DATASET CONTENT: Begin
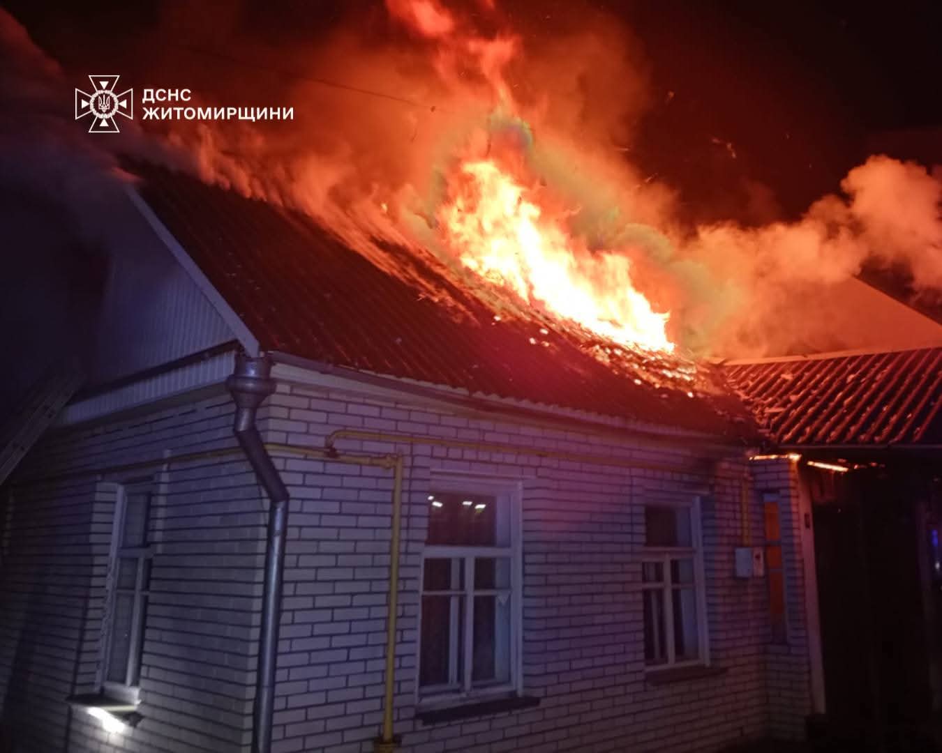 У Житомирі вночі сталася пожежа у приватному житловому будинку, розрахованому на кількох господарів.
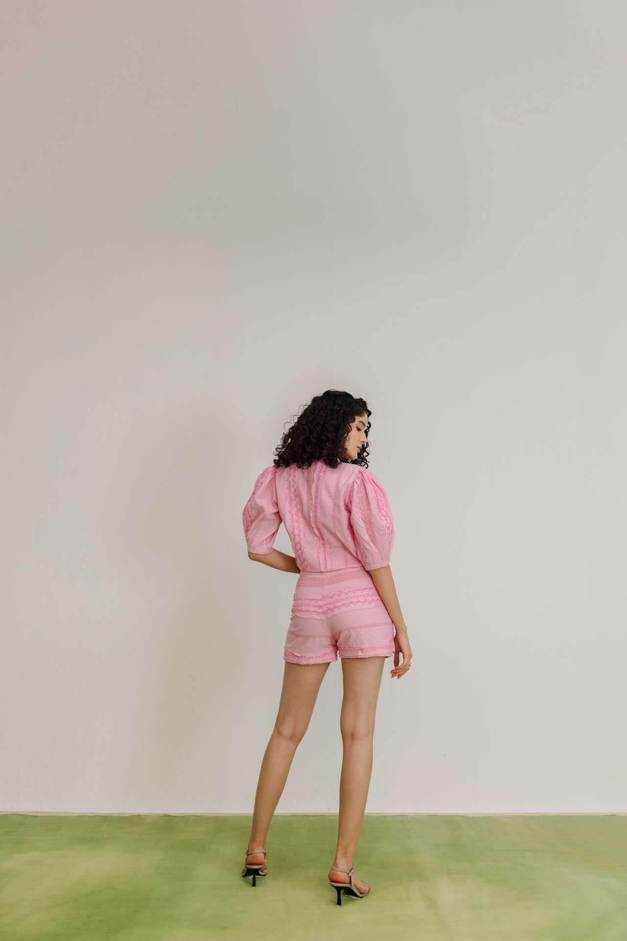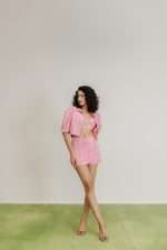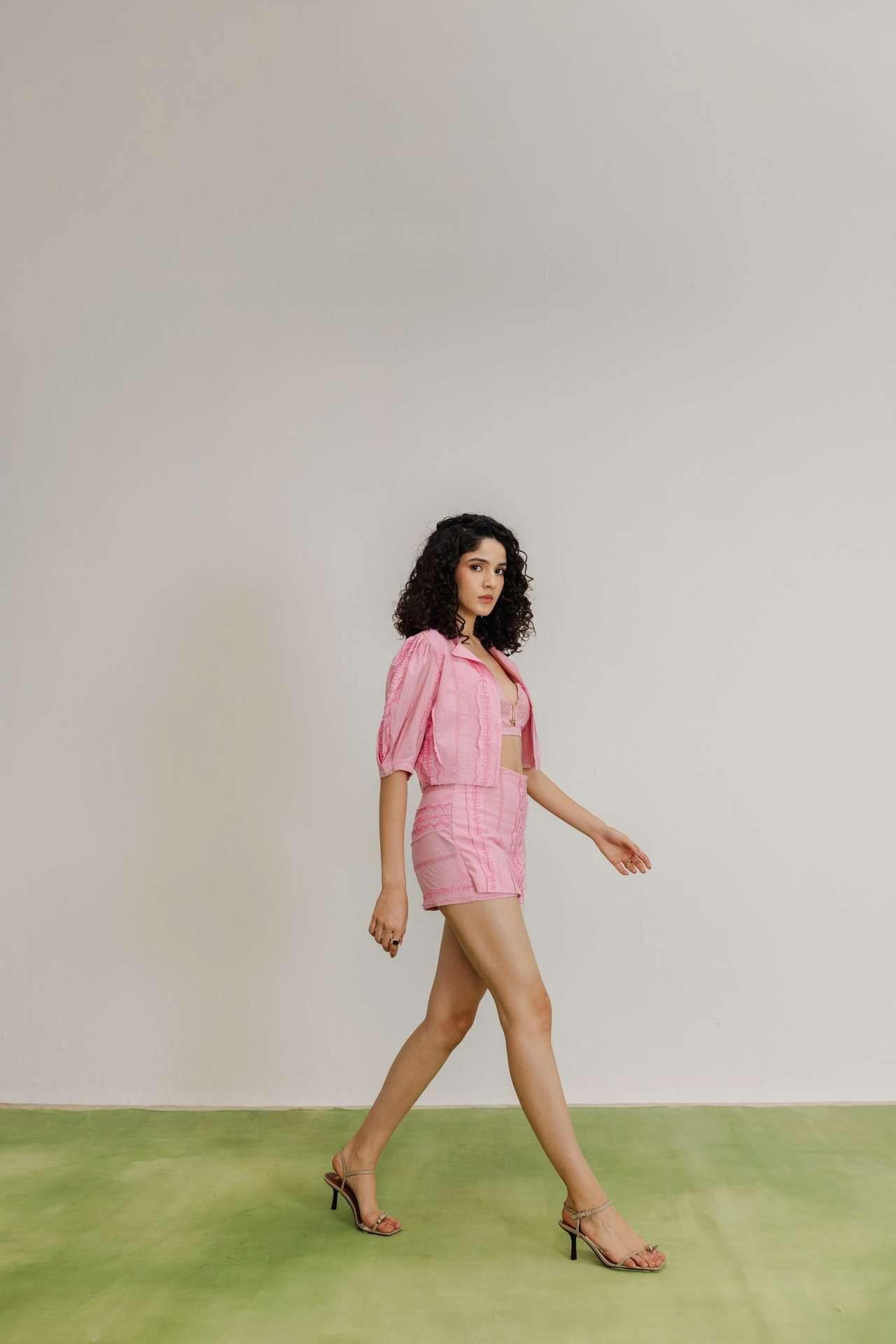 Blush pink three-piece co-ord set comprising a cropped jacket with puffed sleeves and front clasp, a bralette with a statement buckle, and a high-waisted mini skirt with textured patterns.
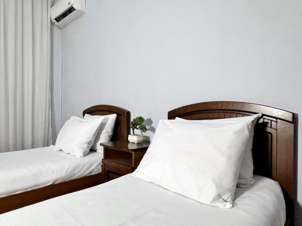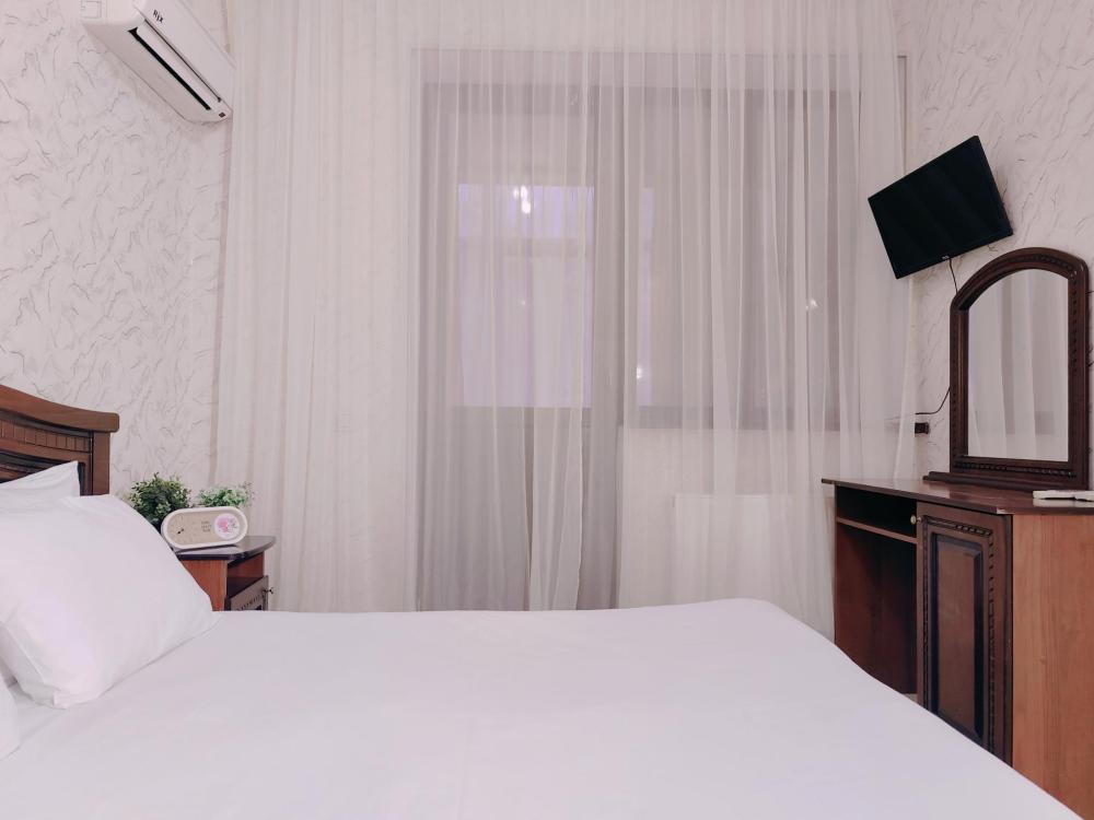 Двухместный уютный небольшой номер. Номер оснащен: двуспальная кровать, прикроватные тумбочки, шкаф, журнальный столик, туалетный столик, зеркало, стул, телевизор, мини-холодильник, кондиционер. В номере имеется небольшая лоджия с видом на столовую и территорию отеля.
DATASET CONTENT: End
The expected output is the lines from the line that contains "Blush pink three-piece" through the last line of the material, reproduced exactly, with both ends present and pictures absent.

# [ANSWER FOR THE TASK]
 Blush pink three-piece co-ord set comprising a cropped jacket with puffed sleeves and front clasp, a bralette with a statement buckle, and a high-waisted mini skirt with textured patterns.
 Двухместный уютный небольшой номер. Номер оснащен: двуспальная кровать, прикроватные тумбочки, шкаф, журнальный столик, туалетный столик, зеркало, стул, телевизор, мини-холодильник, кондиционер. В номере имеется небольшая лоджия с видом на столовую и территорию отеля.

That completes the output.